てかお前社会人になったからもう辞める言うとったやんけ

 動画に「社会人になってもまだ未練がましく作ってるんだな」というコメントがありまして、なんと私の8年前の発言を覚えていらっしゃる方がいたということで、それほどまで長く私に注目していただけているというのは大変ありがたいことですね。
 8年前、私は社会人になるにあたって、それまでニコニコ動画公開していた鉄道音MAD、いわゆる大変な途中下車シリーズ作品をすべて削除しました。
 私の作品は、多いものでは1万再生以上されており、多くの皆様から親しまれていた一方で、デリケートな存在というか、ほぼブラック寄りのグレーの存在というか、そういう性質のあるMADを公開していることに、当時私はなんとなく後ろめたい思いを抱えていました。社会人になるにあたって、もしかしたらこうしたMADの作者であるという事実が、自分の(リアルにおける)社会的立場に対する脅威になる可能性を過度に恐れて削除したというのが、実際のところです。

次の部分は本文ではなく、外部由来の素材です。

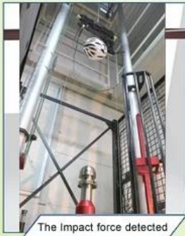
The Impact force detected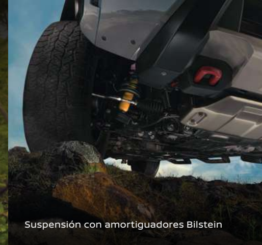
Suspensión con amortiguadores Bilstein

 しかしこの8年の間に、ニコニコ動画やMAD動画を取り巻く環境というのはだいぶ変わってきたように思います。音MAD動画作者がその技術を生かして映像会社に就職したり、実在の歌手を音素材とした人力VOCALOID動画がその歌手本人サイドに捕捉されて、そのうえ歌手本人の歌唱動画が出たりするという事例があります。MADがほぼブラック寄りのグレーの存在であることには変わりないのですが、そうした中でも、MADも自由な創作活動のひとつとして、必ずしも「全面的に悪なもの」とはならない環境になってきたのかな、と個人的に感じています。
 今回作品を公開したのは、以上のような環境の変化を私が感じた、というのも一つの理由です。

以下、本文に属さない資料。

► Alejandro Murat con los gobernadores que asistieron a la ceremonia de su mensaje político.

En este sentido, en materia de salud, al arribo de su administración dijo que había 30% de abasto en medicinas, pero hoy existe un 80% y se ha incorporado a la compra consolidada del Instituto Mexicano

 私からの説明はここまで書いてきたとおりであります。私に対して批判的なコメントを書き込むことができる場である動画を8年間にわたりお待ちいただいていた皆様もいらっしゃいますが、動画を公開してからの再生数やマイリスト数の伸び、Twitter等での反応を見ますと、今回の作品公開を好意的に受け取ってくださった方が大多数だと感じています。今後不快に感じるコメントがありましたら、更にコメントで反論したりせずに、視聴者の皆様各自でのNG設定等で対応していただければと思います。

で、結局お前復帰すんの?

 今回は、自らも経験した震災、そこから鉄道路線の復旧というシチュエーションですとか、ウイルス禍による世の中の暗いムードですとか、それに伴う自分のメンタル悪化ですとか、さまざまな要素が絡み合って、一種の気まぐれで作品の公開に至ったものです。そのため、今後継続的・定期的に作品を公開していこうという意志は特にありません。
 とはいえ、前述の通り、こうした作品に対する後ろめたい気持ちみたいなものは軽減されたので、また何かの気まぐれが起こることはあるかもしれません。そのときはまた、温かく見ていただければと思います。